Even though our kids are only four, I’m the oldest of 26 grandkids, the youngest of who is 10 years old, and I’m 40. There’s a big gap, so I’ve had good practice in helping kids. Even from my own experience, growing up and maybe wanting to give up, I think, again, every situation is going to be different, every child’s going to be different, but for me, let’s just say Miach, for example, he’s learning to ride his bike, and he tips over and wants to give up, and it’s helping them understand where to make the improvements. To say, ‘Where are you struggling? Where is the frustration coming from? And how do we work through that?’

To me, everything is achievable by accomplishing one more thing. It’s answering the next question and trying to figure out how to do the next thing, and I want my children to be problem solvers. I think too many times, even as adults, we quit because we don’t know how to solve the next problem. It’s helping our children understand how to tackle their problems with a positive attitude and that it’s okay to get discouraged, but we need to keep a positive attitude and tackle the challenges that lie in front of us and keep going.

Like I said, I was raised that way. You keep going, and you don’t stop. At the same time, I am not going to force my children to do something if they don’t like it, but I am a believer that you finish what you started. So maybe you do it for that season, and then you just don’t go back to it. That’s okay. At least you tried it, but we’re not going to give up and quit in the middle of it.
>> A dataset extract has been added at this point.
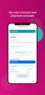 In addition to viewing their enrolled debts, users can also review their trust account history. This feature provides a detailed record of all transactions made through the app, giving users a transparent view of their financial activity. This can be helpful for budgeting and tracking expenses, as well as ensuring that all payments are accurately recorded.
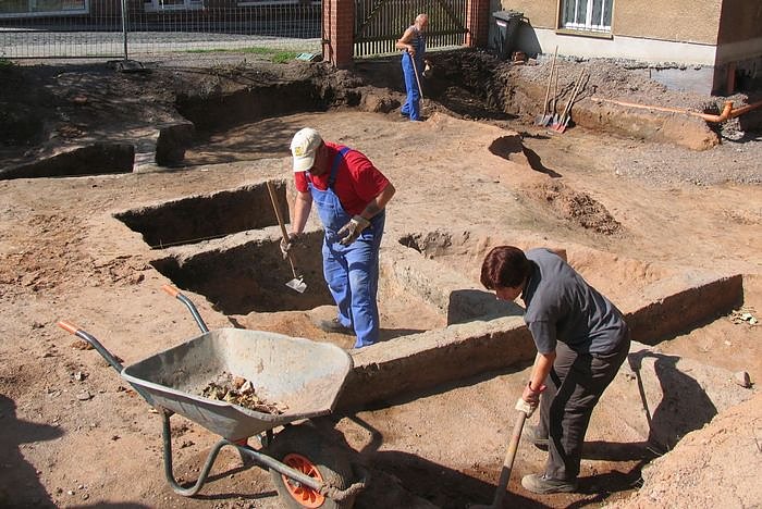 Bis Ende August sollen diese abgeschlossen sein, sagte Grabungsleiter Peter Sokalla. Bisher haben wir hier mehrere sogenannte Grubenhäuser aus dem 11. bis 13. Jahrhundert entdeckt, sagte er. Diese eingetieften Häuser, die ohne Mauerwerk aus Holz gebaut wurden, könnten eventuell auch älter sein. Das sei noch nicht abschließend geprüft. In diesem Bereich habe man auch Keramikscherben und Tierknochen gefunden, die man dieser Zeit zuordnen könne. Im hinteren Bereich der Ausgrabungsstelle in Richtung Pferdemarkt sei man auf eine Abfallgrube gestoßen, in der sich noch eine Münze von 1760 befand, so Sokalla.

The Golden Rule Movement provides a platform for women who embody the selfless caring spirit of motherhood, and who are using that maternal energy to make a world a better place. How would you say you exemplify the golden rule in your everyday life?

When I first joined American Mothers’ North Dakota chapter, I didn’t feel like I belonged because I hadn’t given birth to my children. As an adoptive and foster mom, I didn’t know if I was adequate enough as a mom. And it was then that I realized, ‘No, I belong here because I have maternal energy,’ and again, all of us have it. Every woman has it. I lead by example in showing other women that motherhood came about differently for me. Infertility didn’t stop me from being a mom. It just changed the course of how I became a mom.

I feel I lead by example for women by saying, ‘You can tap into your maternal energy, and you can use that, and we all have it, but use it in a way that is unique to you. Don’t worry about doing what all the other moms are doing and how they’re doing it because that’s what’s going to work for them. Do what works for you as a mom and what is going to help you best serve your family and your community.’ I think leading by example as a ‘nontraditional mom’ and the work that I’m doing with all the different organizations and the impact that I’m making, from the viewpoint of a mom, I think, goes a long way.


As the matriarch for her family, Ashley Rae Klinger is a devoted wife to her husband, Andrew, and a proud mom to their adopted four-year-old son, Micah, and their three soon-to-be-adopted foster daughters; ages three and two. As the owner of It’s Her Brand Enterprises, she has 18 years of marketing, corporate and personal branding experience, 15 years of business development experience, and 10 years of nonprofit development and professional speaking experience. Philanthropic at heart, she’s an active community member, giving back where God calls her to serve. As a cancer survivor, she advocates for the cancer community as the founder of the Cope Well Foundation. And, through her journey with infertility, adoption, and foster care, she co-founded, with Andrew, the Be a Foster Movement, which she passionately represents as the reigning Mrs. International 2020. Her family resides near Grand Forks, North Dakota, with their two puppies, Bella and Barklee.